Also see our care home review for Longhill House for more information

This inspection was carried out on 7th December 2005.

CSCI has not published a star rating for this report, though using similar criteria we estimate that the report is Good. The way we rate inspection reports is consistent for all houses, though please be aware that this may be different from an official CSCI judgement.

The inspector made no statutory requirements on the home as a result of this inspection and there were no outstanding actions from the previous inspection report.

What follows are excerpts from this inspection report. For more information read the full report on the next tab.

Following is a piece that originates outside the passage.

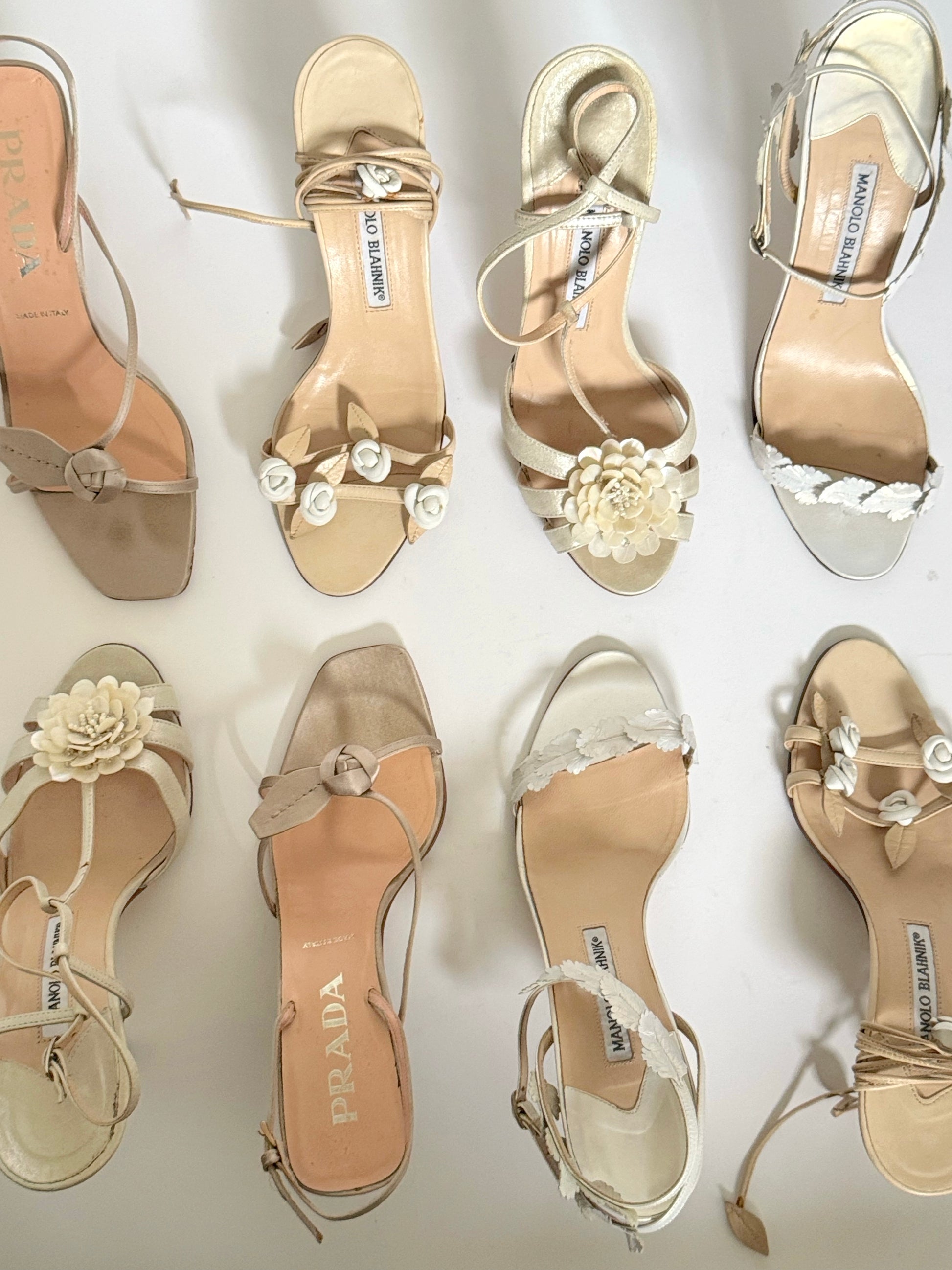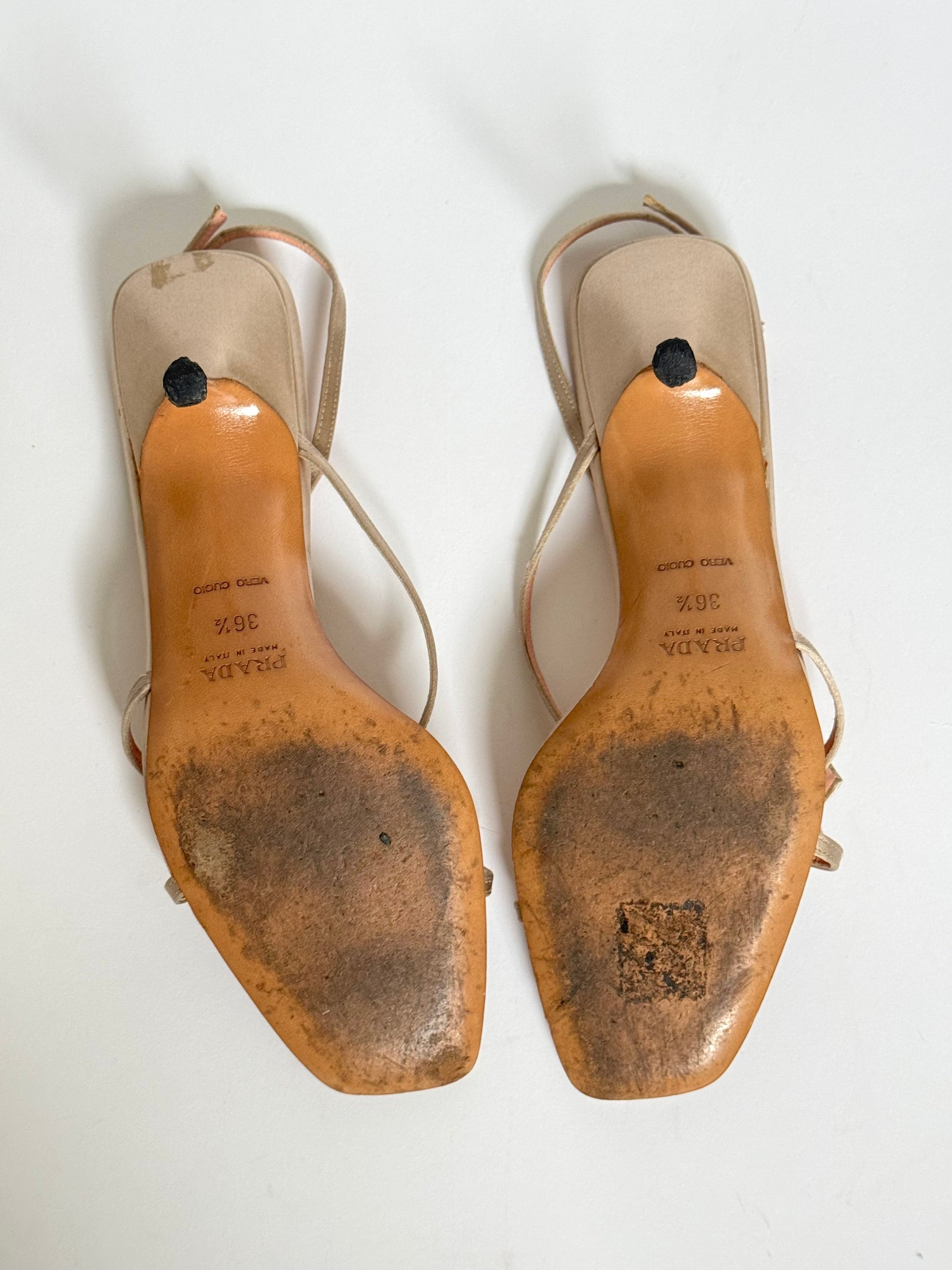 Gorgeous vintage Prada sandals, adorned with leaves and rose buds, in metallic, champagne satin. Absolutely stunning and feminine! Perfect for both a coffee date and a wedding!

What the care home does well

The home has a very welcoming and friendly feel to it. The staff are very conscientious. Residents, or relatives where appropriate, are always involved with the compiling of care plans. These are very detailed and reflect the things that are important to the residents. The time is taken to ensure that what may seem like small things are recorded as these are very important for the quality of life of the residents and ensuring that the staff give the care which the resident chooses and needs. Residents benefit from the staff being well trained and they were more than satisfied with the quality of care provided residents commented on the staff being very caring and kind. The home provides basic induction training which is given to all new staff when they start working this provides the staff with the skills to care for the residents properly. The home also provides more specialised training in dementia etc. to enable them to meet the more personal needs of individual residents. Residents live in a safe environment as staff are trained in all aspects of health and safety.

What has improved since the last inspection?

This was an unannounced inspection undertaken over 4 hours. The home was looked at as were some records and residents were spoken with.

What the care home could do better:

The home operates a robust monitoring system which ensures that any areas of improvement are acted upon so the service is constantly monitoring its own performance.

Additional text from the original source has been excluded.